● To do
When you reach the line with "大司马开启首播,一小时收入达" in the listing below, write out that line and every one after it exactly, and skip the pictures.

*** Begin section ***

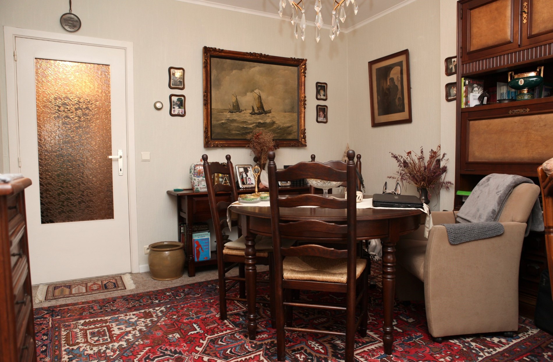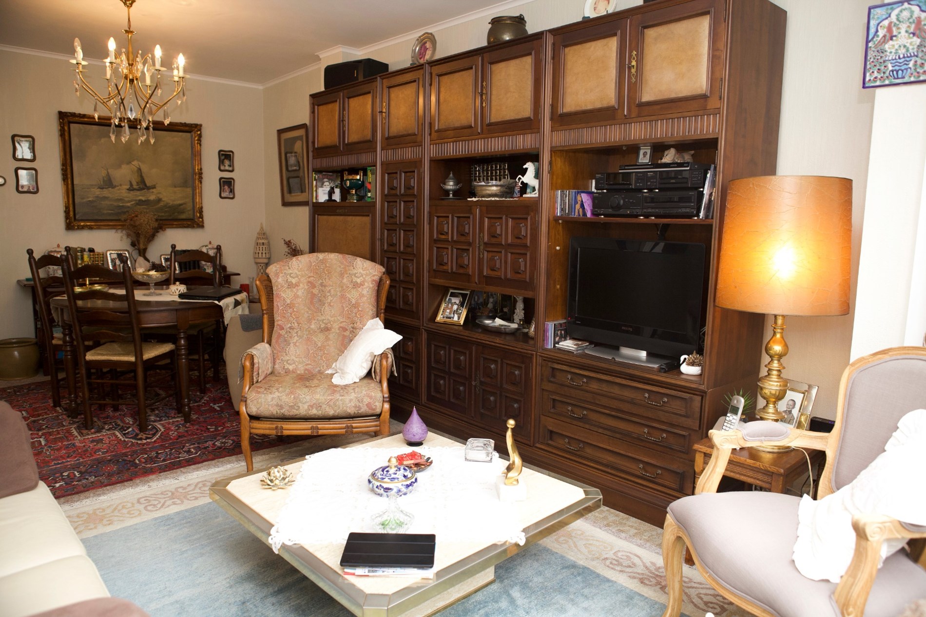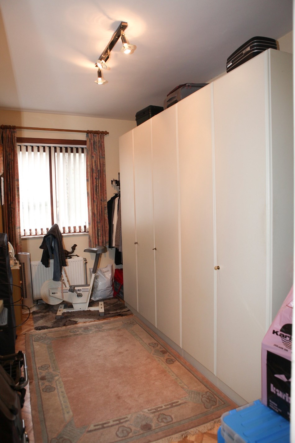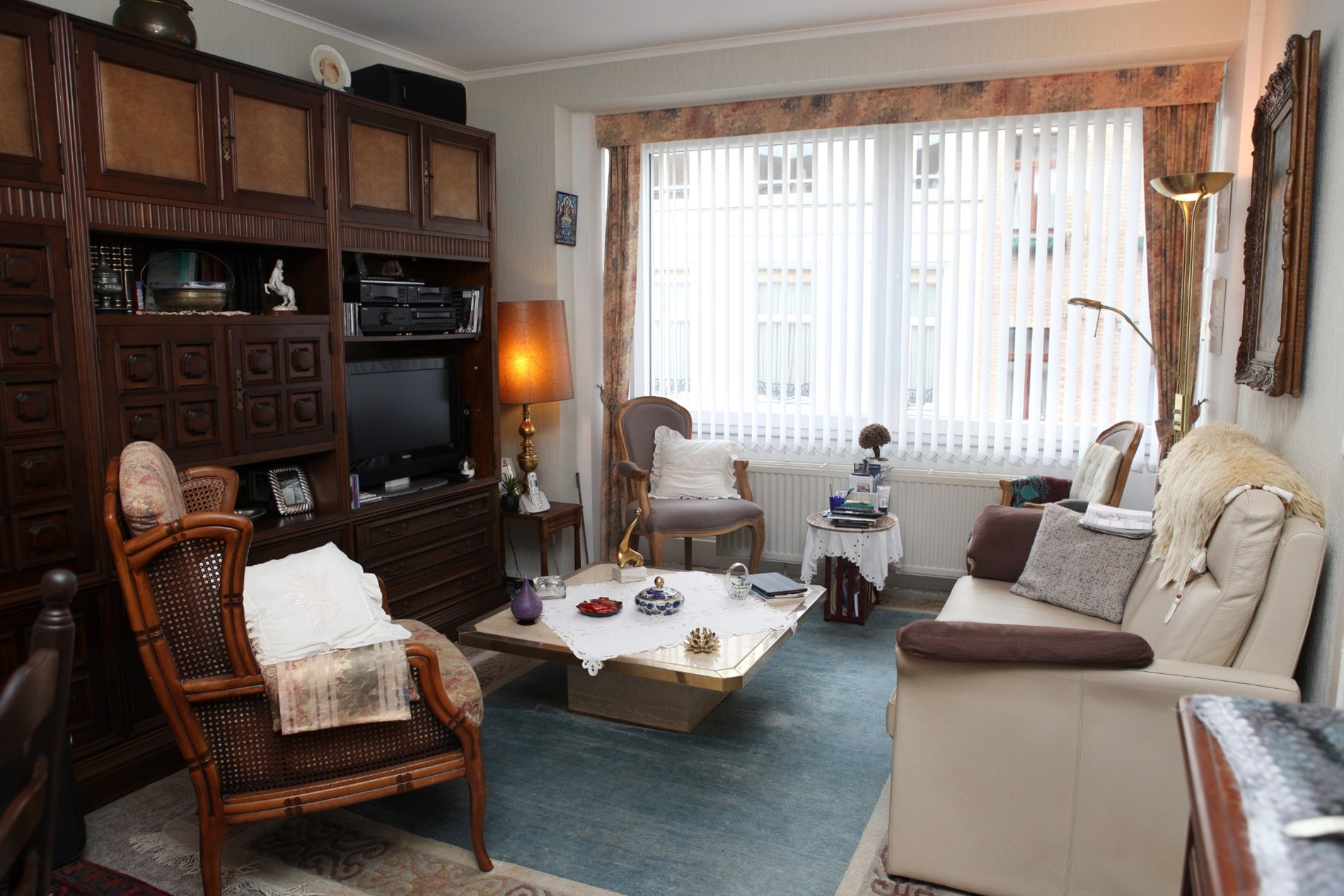 Inkomhal,- woonkamer + loggia (6,80 x 3,46),- keuken (4,35 x 1,90) met videofoon, en sierlijke keukenblok met onder- en bovenkasten (in witte meubelplaat) + ingebouwde keramische kookplaat, dampkap, oven, frigo, en inox-afwasbak (witte faience),- badkamer met ligbad en toiletmeubel + ingebouwde lavabo,- toilet met w.c.,- slaapkamer (3,92 x 3,02) met terrasdeur,- logeerkamer (3,90 x 2,35),- vernieuwde zonneterras (3,22 x 1,02) met nis voor kuisgerief (aluminium ballustrade + plankenvloer in hardhout)- en kelderberging nr. 2 ;
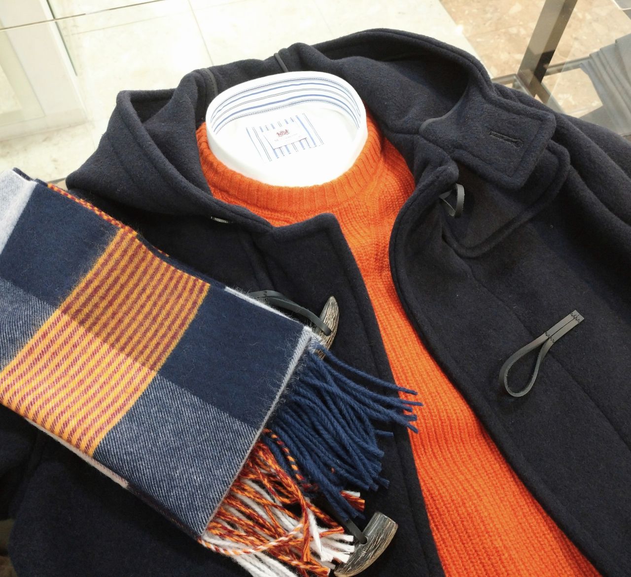 差し色にピッタリなオレンジはダッフルコートに合わせたり、
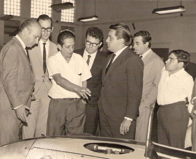 2: No primeiro plano, Francisco Landi (camisa de manga curta) ladeado pelo pentacampeão mundial de Fórmula 1, o argentino Juan Manuel Fangio, e Luiz Antonio Greco
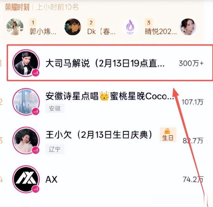 大司马开启首播,一小时收入达30万,PDD和小团团也前来耸峙物,2月13日晚,停播两年多的大司马厚爱复播,本来不少东说念主以为直播行业更新换代极快,“芳华饭”属性显着,离开太久就会被渐忘。
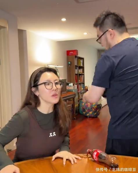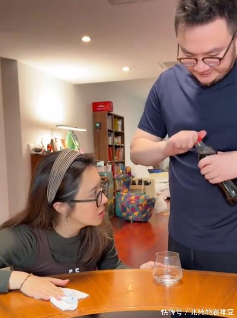 他和妻子两人在家中拍摄了一个搞怪视频,他准备扭开一瓶可乐而妻子正在擦桌子, 妻子穿着一件绿色的打底衫外面穿着一件咖色的小马甲,双眼紧紧的盯着可乐。

*** End section ***

● Solution to this task
 大司马开启首播,一小时收入达30万,PDD和小团团也前来耸峙物,2月13日晚,停播两年多的大司马厚爱复播,本来不少东说念主以为直播行业更新换代极快,“芳华饭”属性显着,离开太久就会被渐忘。
 他和妻子两人在家中拍摄了一个搞怪视频,他准备扭开一瓶可乐而妻子正在擦桌子, 妻子穿着一件绿色的打底衫外面穿着一件咖色的小马甲,双眼紧紧的盯着可乐。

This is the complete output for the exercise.